In the current study, based on a small-scale quench test facility, the two-phase flow interface behavior during quench transients is visualized and analyzed utilizing an image processing framework. The high-fidelity experimental results obtained for two-phase flow in the current framework can support various studies both in the time domain and in the frequency domain. In particular, visualization of the data obtained from different heating surfaces under different test conditions are used to perform a full-scale transient 2-D vapor film reconstruction. The liquid-vapor interface variations in various heat transfer regimes as well as at the initial film breakup point can be directly obtained through the processed data. Moreover, the temporal variation of the interfacial wave frequency approaching quench is investigated in detail. Based on the high-resolution data obtained for the liquid-vapor interface, the detailed phase velocity and temperature profiles are obtained through theoretic analysis, based on which the film boiling heat transfer coefficient (HTC) can be determined. In addition, an improved film boiling HTC model is developed considering the effects of wall superheat, liquid subcooling temperature, vapor film thickness as well as fluid properties. The model is found to predict film boiling HTC well within 15% error.

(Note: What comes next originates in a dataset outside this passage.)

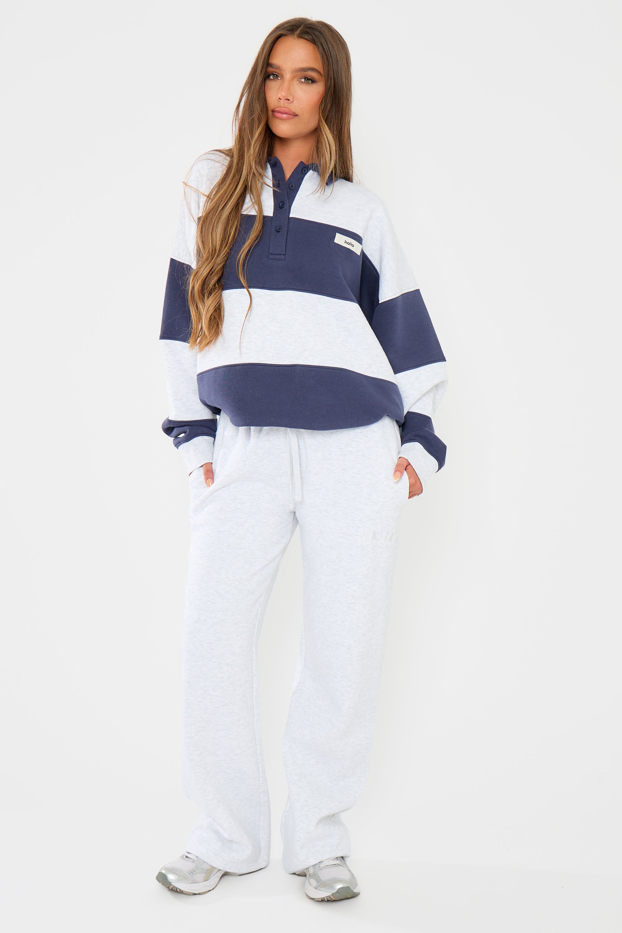 Kaiia Striped Oversized Rugby Sweatshirt Navy & Grey Marl
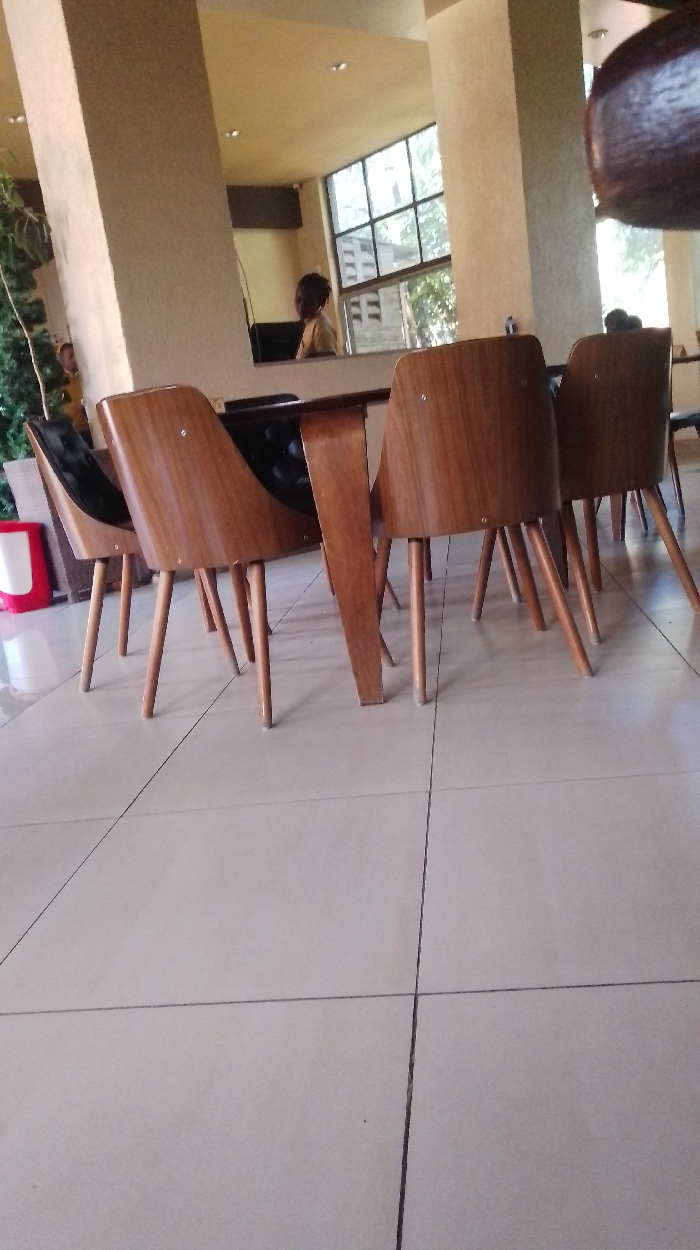 A low-angle shot shows a table with four modern chairs, three with wooden backs and one with a black cushion

在当前的研究中，基于小型淬火测试设备，使用图像处理框架对淬火瞬变期间的两相流界面行为进行了可视化和分析。在当前框架中获得的两相流的高保真实验结果可以支持时域和频域的各种研究。特别是，在不同测试条件下从不同加热表面获得的数据的可视化用于执行全尺寸瞬态二维蒸汽膜重建。通过处理后的数据可以直接获得各种传热方式以及初始膜破裂点的液-气界面变化。此外，详细研究了接近淬灭的界面波频率的时间变化。根据获得的液-气界面高分辨率数据，通过理论分析获得详细的相速度和温度分布，在此基础上可以确定薄膜沸腾传热系数（HTC）。此外，考虑了壁面过热度、液体过冷温度、蒸汽膜厚度以及流体特性的影响，开发了改进的薄膜沸腾 HTC 模型。发现该模型可以在 15% 的误差内很好地预测薄膜沸腾 HTC。液体过冷温度、蒸气膜厚度以及流体特性。发现该模型可以在 15% 的误差内很好地预测薄膜沸腾 HTC。液体过冷温度、蒸气膜厚度以及流体特性。发现该模型可以在 15% 的误差内很好地预测薄膜沸腾 HTC。